About this task
Among the lines below, output only those between the line holding "Abstract flowing light" and the line holding "Indulge in a", inclusive, exactly as written and with no pictures.

****

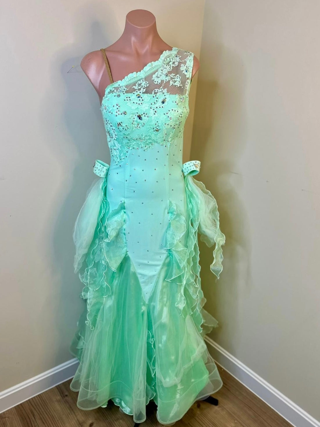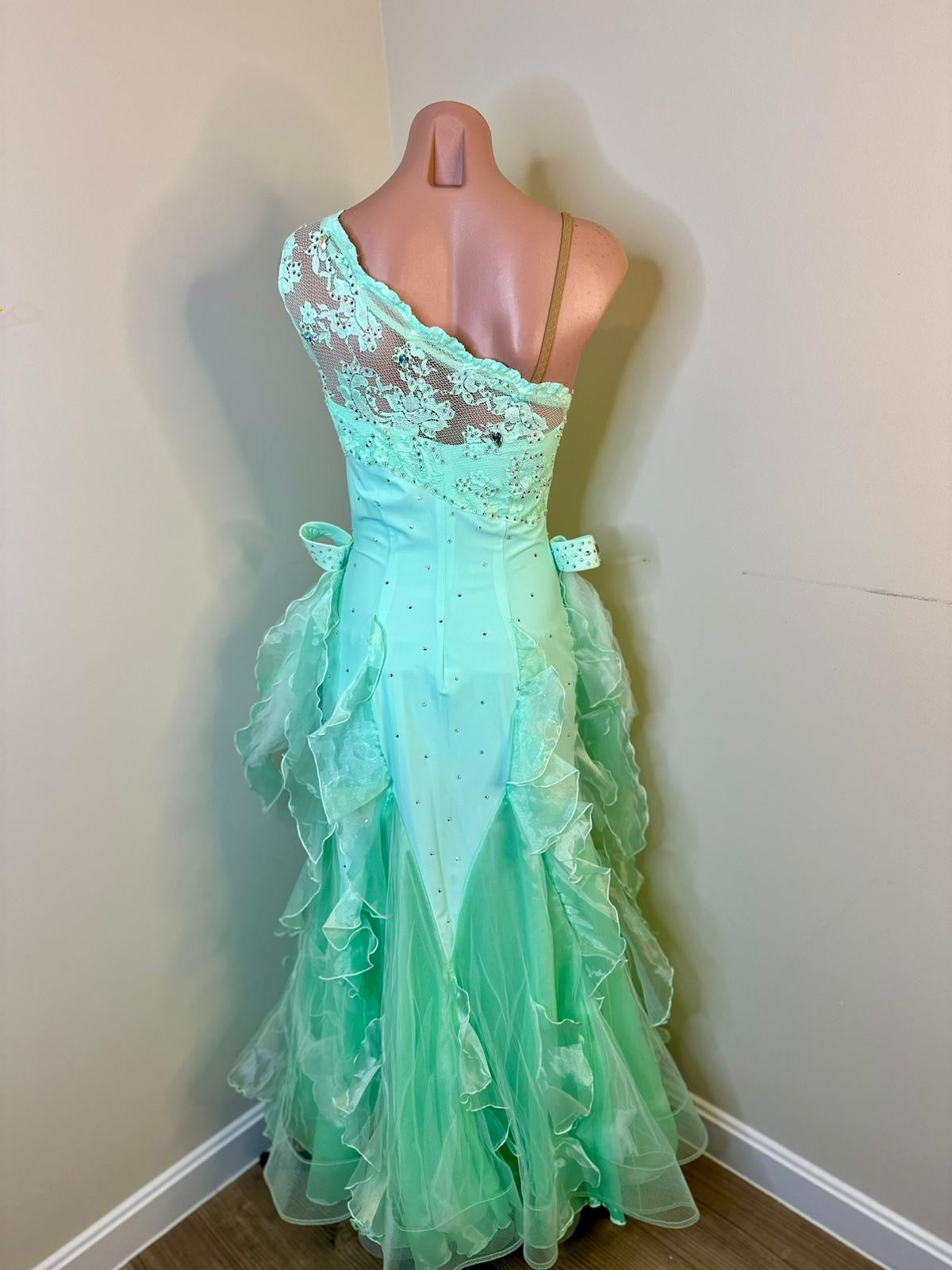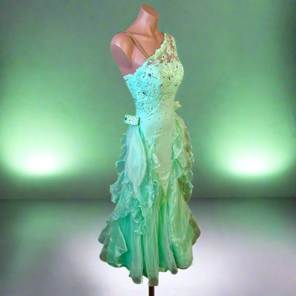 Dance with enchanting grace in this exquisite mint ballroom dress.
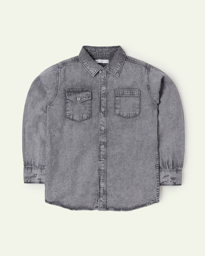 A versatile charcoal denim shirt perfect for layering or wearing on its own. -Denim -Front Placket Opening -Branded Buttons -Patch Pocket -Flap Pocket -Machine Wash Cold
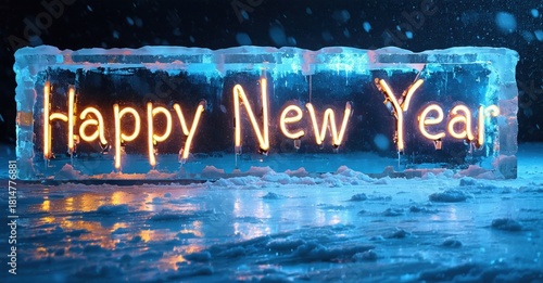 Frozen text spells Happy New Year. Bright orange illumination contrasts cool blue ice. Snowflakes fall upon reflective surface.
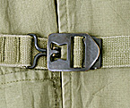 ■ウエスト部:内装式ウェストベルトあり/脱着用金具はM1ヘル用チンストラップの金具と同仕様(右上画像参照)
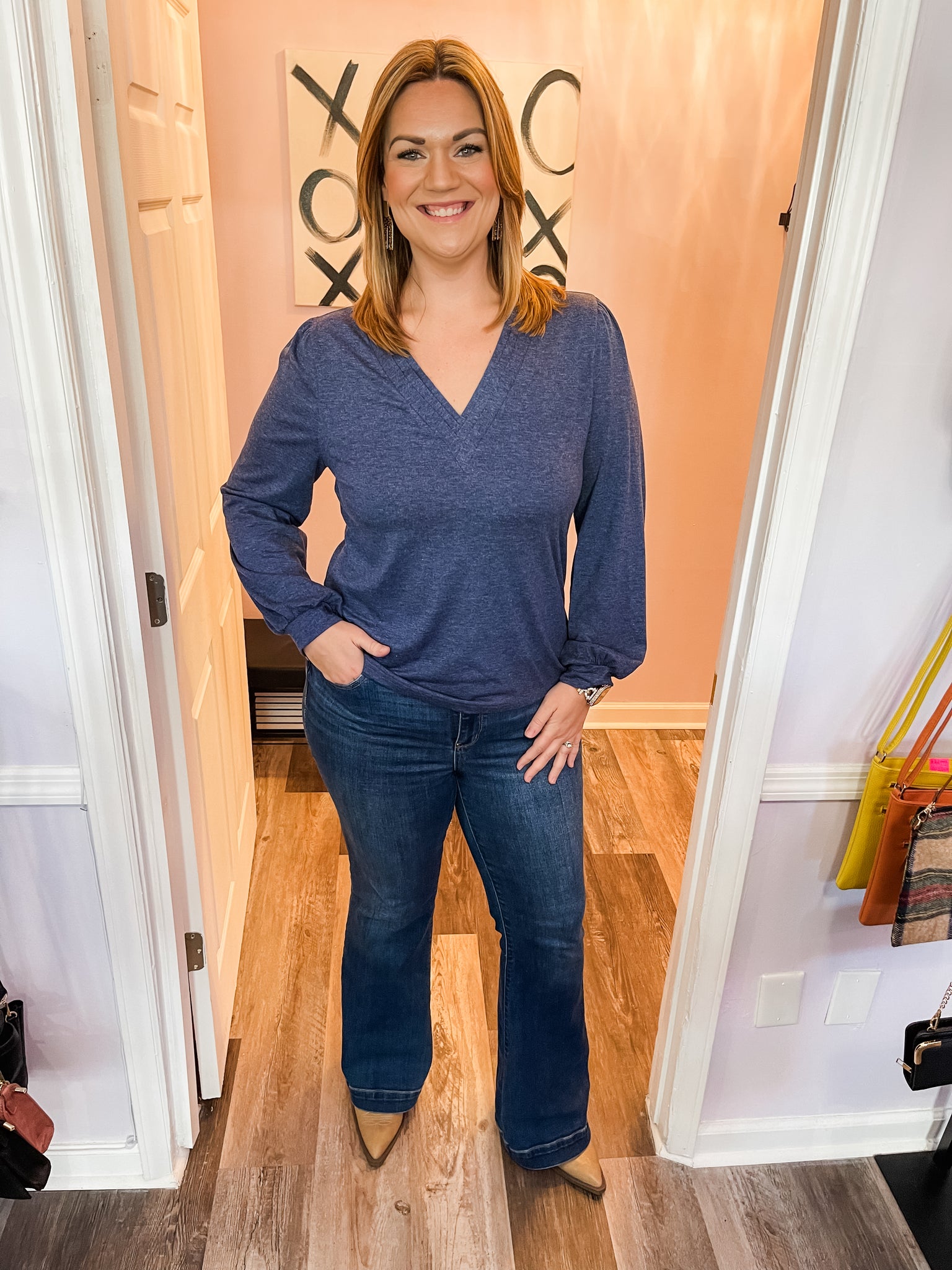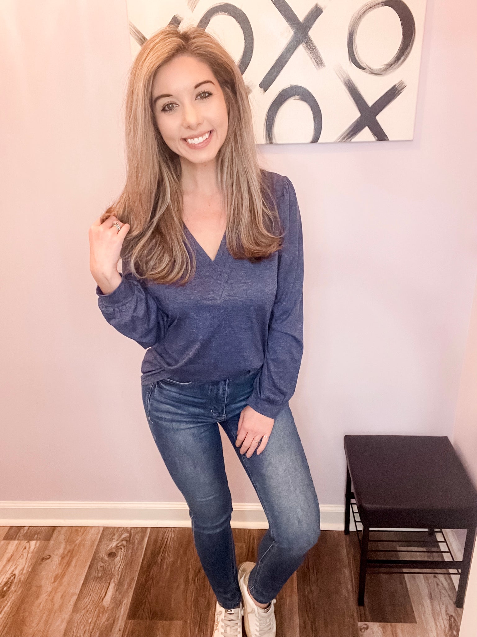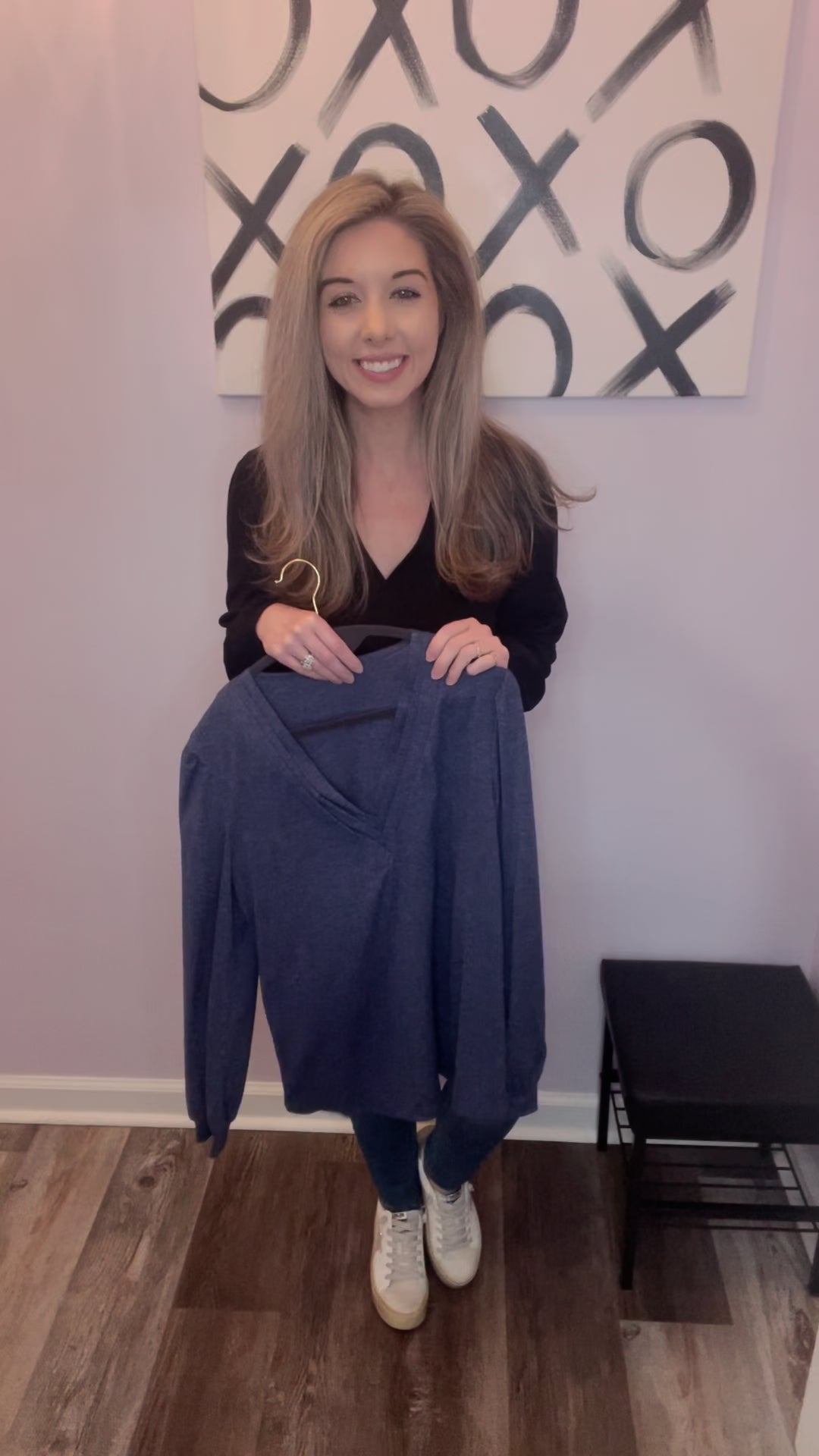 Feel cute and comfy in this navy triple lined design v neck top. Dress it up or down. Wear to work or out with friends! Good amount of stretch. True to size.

****

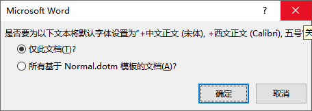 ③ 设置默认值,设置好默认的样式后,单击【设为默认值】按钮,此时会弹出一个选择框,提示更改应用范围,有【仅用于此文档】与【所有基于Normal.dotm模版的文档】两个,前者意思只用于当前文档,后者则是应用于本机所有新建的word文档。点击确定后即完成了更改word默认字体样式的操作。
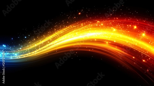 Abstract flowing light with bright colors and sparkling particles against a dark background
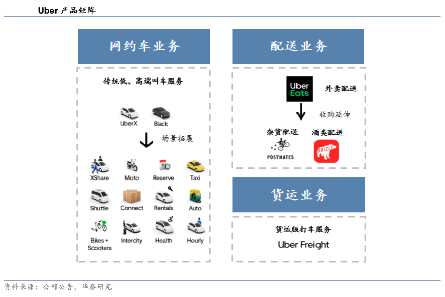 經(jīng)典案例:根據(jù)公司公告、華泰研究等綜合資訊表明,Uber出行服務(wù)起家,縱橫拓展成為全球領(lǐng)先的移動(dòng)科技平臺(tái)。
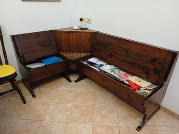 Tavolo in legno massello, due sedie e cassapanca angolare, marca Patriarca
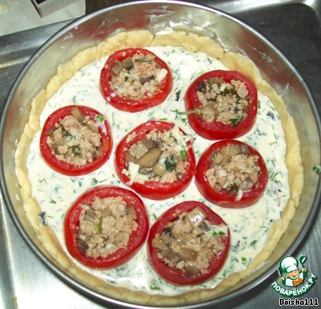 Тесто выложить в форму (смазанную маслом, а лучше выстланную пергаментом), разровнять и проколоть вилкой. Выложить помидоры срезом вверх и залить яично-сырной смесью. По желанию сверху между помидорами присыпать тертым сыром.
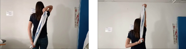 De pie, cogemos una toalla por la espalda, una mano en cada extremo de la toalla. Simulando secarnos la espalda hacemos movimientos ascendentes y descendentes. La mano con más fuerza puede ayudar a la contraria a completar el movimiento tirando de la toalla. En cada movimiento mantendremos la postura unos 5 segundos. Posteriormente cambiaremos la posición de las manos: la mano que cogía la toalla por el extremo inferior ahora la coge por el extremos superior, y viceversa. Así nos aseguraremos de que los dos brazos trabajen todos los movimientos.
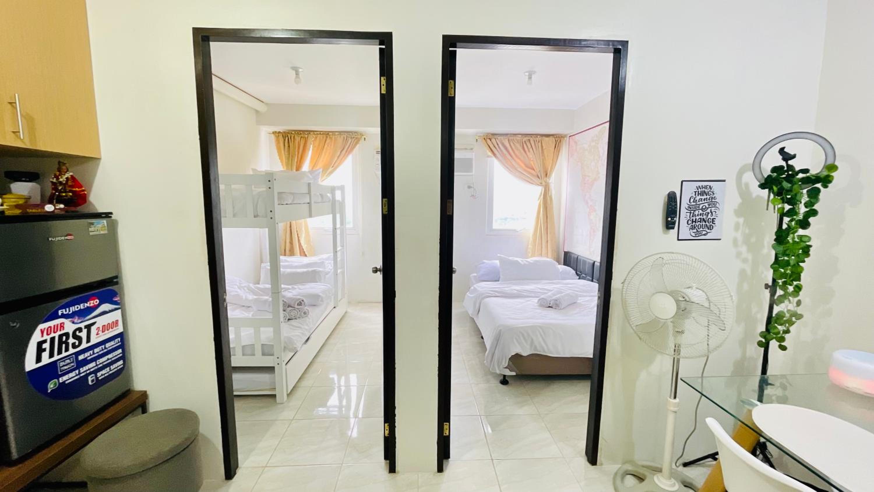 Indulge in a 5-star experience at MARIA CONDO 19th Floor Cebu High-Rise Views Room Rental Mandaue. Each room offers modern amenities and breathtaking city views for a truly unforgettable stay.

****

Result of the task
 Abstract flowing light with bright colors and sparkling particles against a dark background
 經(jīng)典案例:根據(jù)公司公告、華泰研究等綜合資訊表明,Uber出行服務(wù)起家,縱橫拓展成為全球領(lǐng)先的移動(dòng)科技平臺(tái)。
 Tavolo in legno massello, due sedie e cassapanca angolare, marca Patriarca
 Тесто выложить в форму (смазанную маслом, а лучше выстланную пергаментом), разровнять и проколоть вилкой. Выложить помидоры срезом вверх и залить яично-сырной смесью. По желанию сверху между помидорами присыпать тертым сыром.
 De pie, cogemos una toalla por la espalda, una mano en cada extremo de la toalla. Simulando secarnos la espalda hacemos movimientos ascendentes y descendentes. La mano con más fuerza puede ayudar a la contraria a completar el movimiento tirando de la toalla. En cada movimiento mantendremos la postura unos 5 segundos. Posteriormente cambiaremos la posición de las manos: la mano que cogía la toalla por el extremo inferior ahora la coge por el extremos superior, y viceversa. Así nos aseguraremos de que los dos brazos trabajen todos los movimientos.
 Indulge in a 5-star experience at MARIA CONDO 19th Floor Cebu High-Rise Views Room Rental Mandaue. Each room offers modern amenities and breathtaking city views for a truly unforgettable stay.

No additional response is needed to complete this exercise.